Les personnes aveugles se déplacent généralement sur leur bureau d’ordinateur et dans les pages web avec les flèches de leur clavier. Jamais avec une souris. Un lecteur d’écran lit à voix haute ce qui est affiché à l’endroit où se trouve le curseur. Le texte peut aussi surgir simultanément sur un afficheur braille, que l’utilisateur parcourt avec ses doigts.

Plusieurs obstacles peu­vent empêcher les personnes ayant des déficiences visuelles d’accéder facilement au contenu du web. Il y a par exemple les menus déroulants qui ne se déroulent pas, les photos sans description vocale, les petits tests visuels servant à confirmer que l’utilisateur n’est pas un robot et les liens que le lecteur d’écran n’est pas capable de reconnaître. Parfois, du son se déclenche automatiquement et empêche l’utilisateur d’entendre la description vocale.

Dans le cas de l’institution financière de M. Bellemare, il y a notamment des liens cliquables qui ne sont pas indiqués comme tels et des pop-ups importants qui ne sont pas signalés.

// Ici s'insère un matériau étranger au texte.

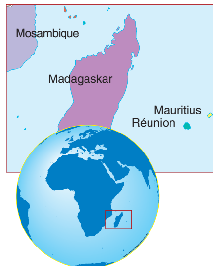
Mauritius ligger i Indiska oceanen ca 800 km öster om Madagaskar.

Med sina 333 rum är Le Coco Beach Resort det största hotellet i kedjan med fyra olika stränder att välja mellan. Massor av aktiviteter för barn gör det till ett idealiskt resort för barnfamiljer. □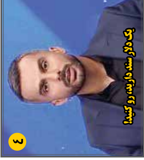
یک دلار سنده دارید، رو کنید!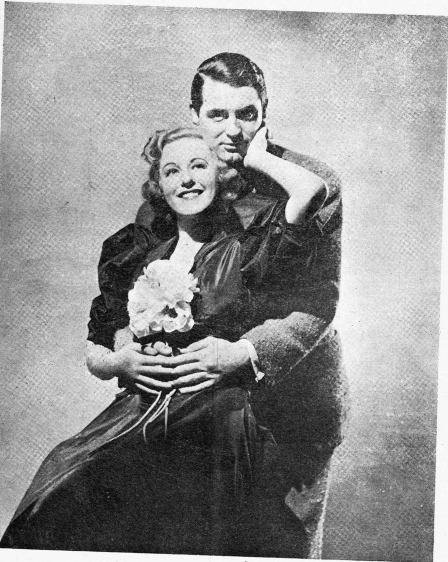
Η Γκράις Μορ και ο Κάρι Γκράντ στο «ΟΤΑΝ Η ΚΑΡΔΙΑ ΚΤΥΠΑ» (προσωρινός τίτλος) Μουσικόν όριστούρημα του σκηνοθέτου Ρόμπερτ Ρίσκιν, εφάμιλλον με τὰ καλλίτερα τῆς Μάρθα Έγγερθ και τῆς Ζαννὲτ Μακντόναλδ.

(Έκμετάλλευσις : Α. Ε. Κ. Ε. «ΑΝΖΕΡΒΟΣ»)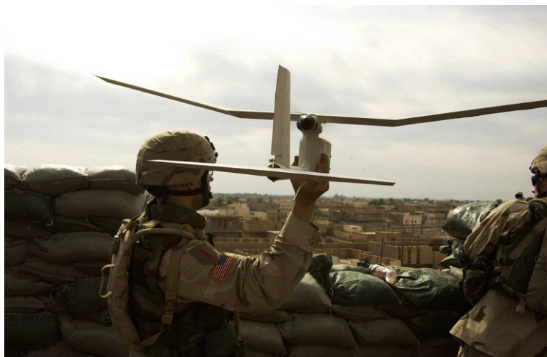
Использование БПЛА — отличительная черта современных войн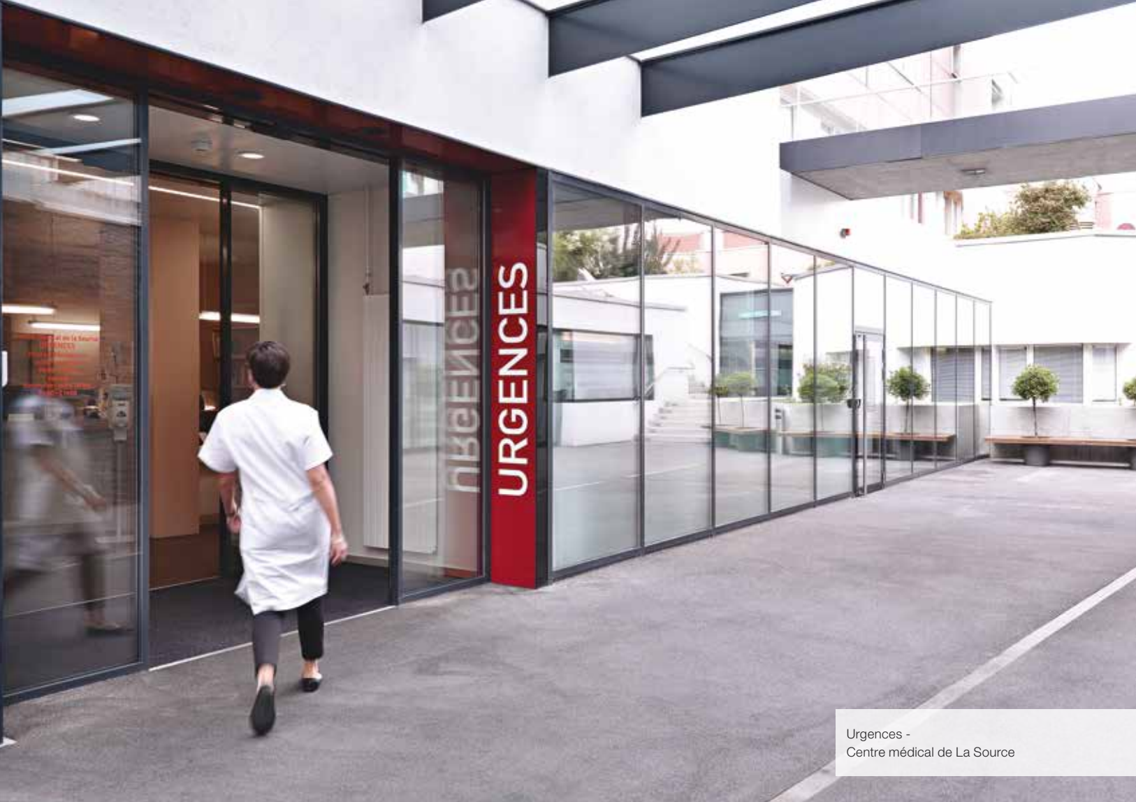
Urgences - Centre médical de La Source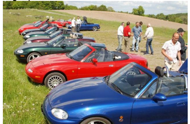
Pitstop på Slaggaards Banke

røde, grønne, grå, blå og sorte små kuglelyns zoom-zoom'e forbi.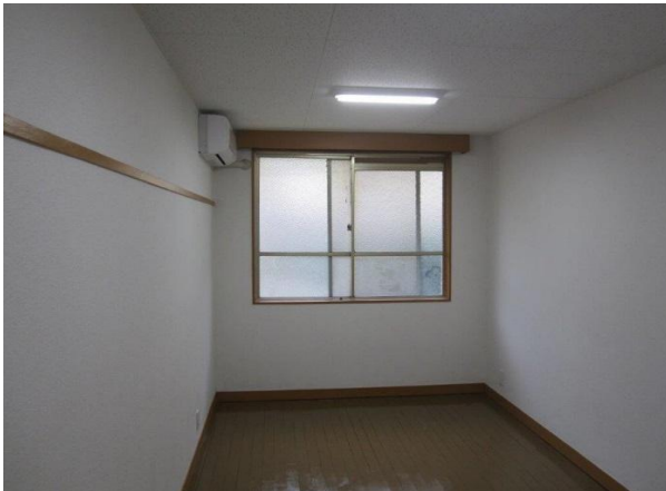
(平成26年3月寮生個室改修工事実施)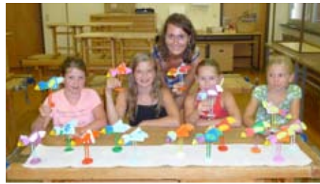
Wir basteln Zettelvögel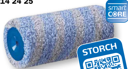
FineSTAR 15 Restitution élevée. Finition fine.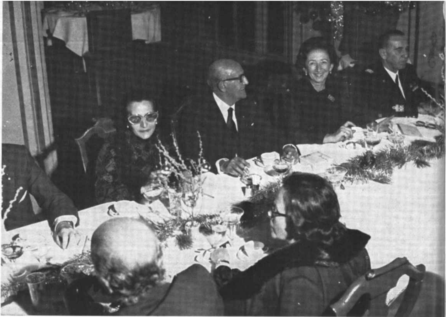
Il Presidente Marchese e altre autorità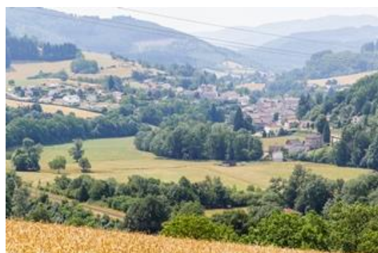
Commune de Lamure sur Azergues.

Contact : Sophie Moncorgé, Chef de projet « Territoire à énergie Positive » Beaujolais Vert 04 74 05 06 60 sophie.moncorgé@c-or.fr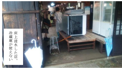
床上浸水した店。冷蔵庫が使えない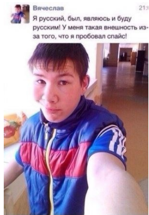
Хочешь стать таким?

Только вот вся фигня в том, что информации ни об этих смесях, ни о находящихся в них каннабиноидах, пока практически нет. Так что ты сам являешься источником информации, пробуя эти соединения. Что потом будет — векрытие покажет — станет информацией для других.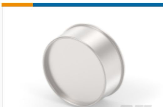
TE 产品编号1-2141261-1 SHIELD CRIMP FERRULE, INNER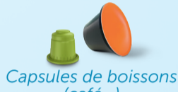
Capsules de boissons (café...)

Lors de la visite de Métro chez lui, M. Bellemare a aussi eu de la difficulté à naviguer sur un grand site de nouvelles.

Des critères d’accessibilité
Les programmeurs peuvent pourtant augmenter la qualité de leurs sites en respectant certaines normes d’accessibilité. Les organismes publics provinciaux sont d’ailleurs tenus de respecter les standards SGQRI 008-01 depuis 2012. Ces critères, qui visent à prendre en compte les utilisateurs ayant des limitations visuelles complètes ou partielles, concernent principalement la façon dont le contenu est structuré. Il s’agit par exemple de préciser le texte à prononcer à la place d’une image ou de coder la hiérarchie des titres dans la page afin que l’utilisateur non-voyant puisse déterminer l’importance de ce qui lui est lu.

«Lorsqu’on conçoit un site web, il faut se mettre dans la peau d’une personne ayant des limitations fonctionnelles, estime Vincent François, consultant en accessibilité du web. Mais ce n’est pas encore pris au sérieux dans l’ensemble du monde du web. Ni par le gouvernement, ni par l’industrie.»

M. François n’a pas vraiment noté d’amélioration du degré d’accessibilité des sites web dans les dernières années. Selon lui, l’adoption de standards n’est pas suffisante. Il faudrait imposer des obligations légales d’accessibilité aux entreprises privées, donner des formations à grande échelle au gouvernement et faire de la sensibilisation. En Ontario, par exemple, les entreprises et organismes de 50 employés ou plus doivent se soumettre à des règles d’accessibilité des contenus web.

«L’accès aux sites web reste un problème pour beaucoup de personnes ayant des limitations visuelles. Seuls les débrouillards s’en sortent.» – Vincent François, consultant en accessibilité du web

De l’aide pour s’en sortir
Le travail de Julie Gauthier, spécialiste en réadaptation en déficience visuelle à l’Institut Nazareth et Louis-Braille (INLB), consiste à donner quotidiennement des trucs aux personnes non-voyantes pour l’utilisation d’un ordinateur. Mme Gauthier estime que l’utilisation de l’internet est un défi important pour sa clientèle, notamment parce que les sites sont tous conçus différemment.

«Une personne qui voit bénéficie d’une vue d’ensemble de la page. Celle qui ne voit pas va y accéder partiellement, une section à la fois. Les stratégies qu’on enseigne permettent de se débrouiller dans plusieurs situations, mais il y a régulièrement des obstacles. Les sites les plus difficiles sont ceux dont les éléments ne sont pas indiqués
clairement», explique-t-elle.

L’utilisation de l’internet est d’une importance capitale pour l’autonomie des personnes non-voyantes. Ainsi, 1268 usagers de Montréal, Laval, la Montérégie, l’Estrie et l’Outaouais ont été desservis par l’INLB en communication informatique adaptée pendant l’année 2014-2015.

M. Bellemare estime aussi que l’utilisation de l’internet est un enjeu d’intégration sociale. «Tout passe principalement par là, que ce soit les courriels, le commerce, les transactions bancaires, le travail. Et c’est difficile pour l’utilisateur moyen», souligne-t-il. Il espère que cet enjeu soit davantage pris en compte dans notre société.